Firstly, there was a failure to manage expectations that led people to expect that not only would AEW get onto a stronger station than WWE but that it would be easy to secure premiere timeslots. I wasn’t alone in being told repeatedly by AEW fans that the AEW/ITV deal was signed and sealed as far back as June. Likewise they failed to properly manage the fallout from the initial disappointment, stuck between saying the deal was great, and saying they were working to improve it. That suggests the common refrain that the promotion would benefit from working with a professional P.R. agency is true.  

Likewise, the issues surrounding Tony Khan seemingly not understanding British broadcast regulations whilst negotiating with ITV and FITE not understanding EU regulations whilst selling a subscription service, suggests that they desperately need to bring in experts in these fields. One wonders what other gremlins may emerge from television deals that have been negotiated by overstretched executives who are new to this business.  

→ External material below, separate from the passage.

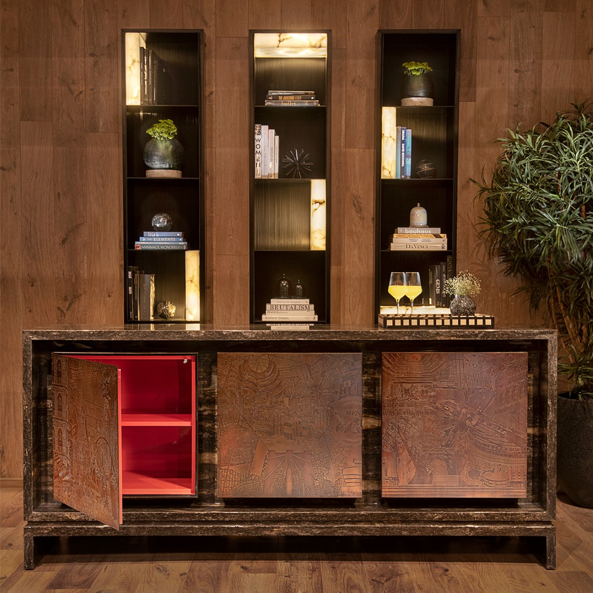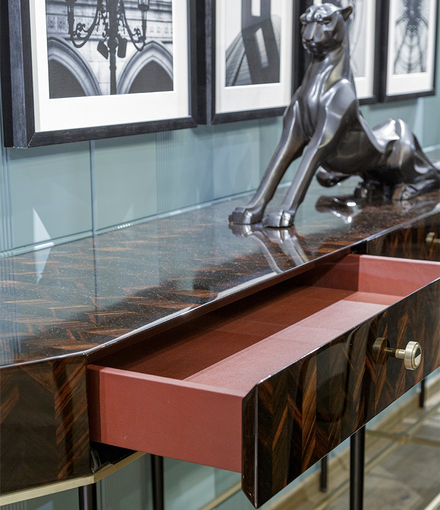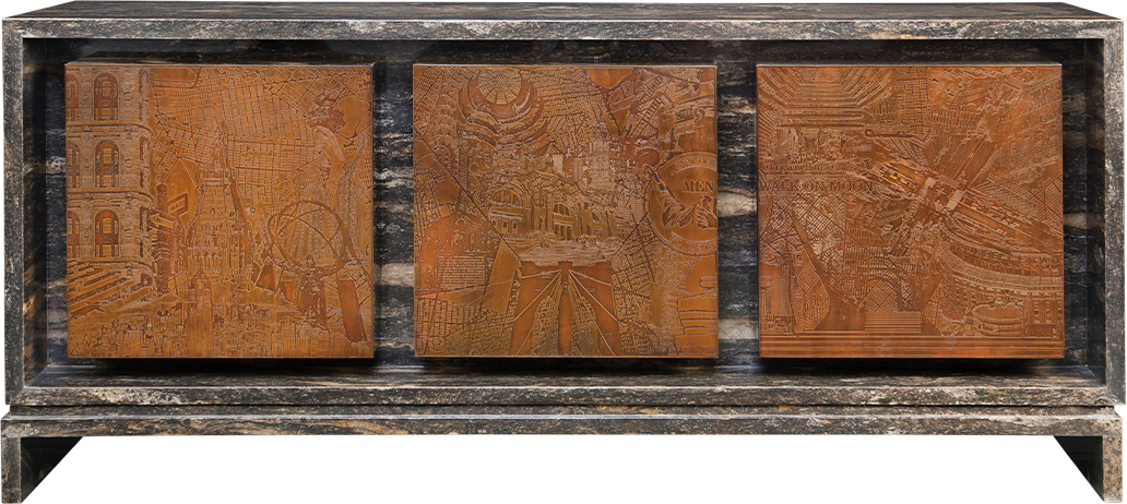The Empire State sideboard, resonates with the spirit and vibrancy of New York. This Art Furniture piece captures the nuances of the city’s architecture and highlights and their mesmerising details. With an underlying texture of the maps of NYC, the shutters in antique brass etching are a representation of buildings in the New York skyline. Framed in a granite structure, the metallic art shutters get the attention they deserve. A peep within reveals a dramatic glossy red.

But most importantly, what is left is a genuine mystery about what ITV feels about the product. The refusal to broadcast the program live, and the initial reluctance to broadcast it at a reasonable time, suggest that there ITV is not 100 percent committed to pro-wrestling. That would be typical of the station. In the past, they’ve happily worked with combat sports promotions when cheap content was on offer, or when there was a chance to make money off pay per views. But ITV have repeatedly failed to invest the effort or expense to grow the brand of fighters or promotions they work with. AEW now have the platform to take the fight to WWE, but they should be under no illusions that it’ll be them who have to put in the hard yards of promoting the shows and building the brand.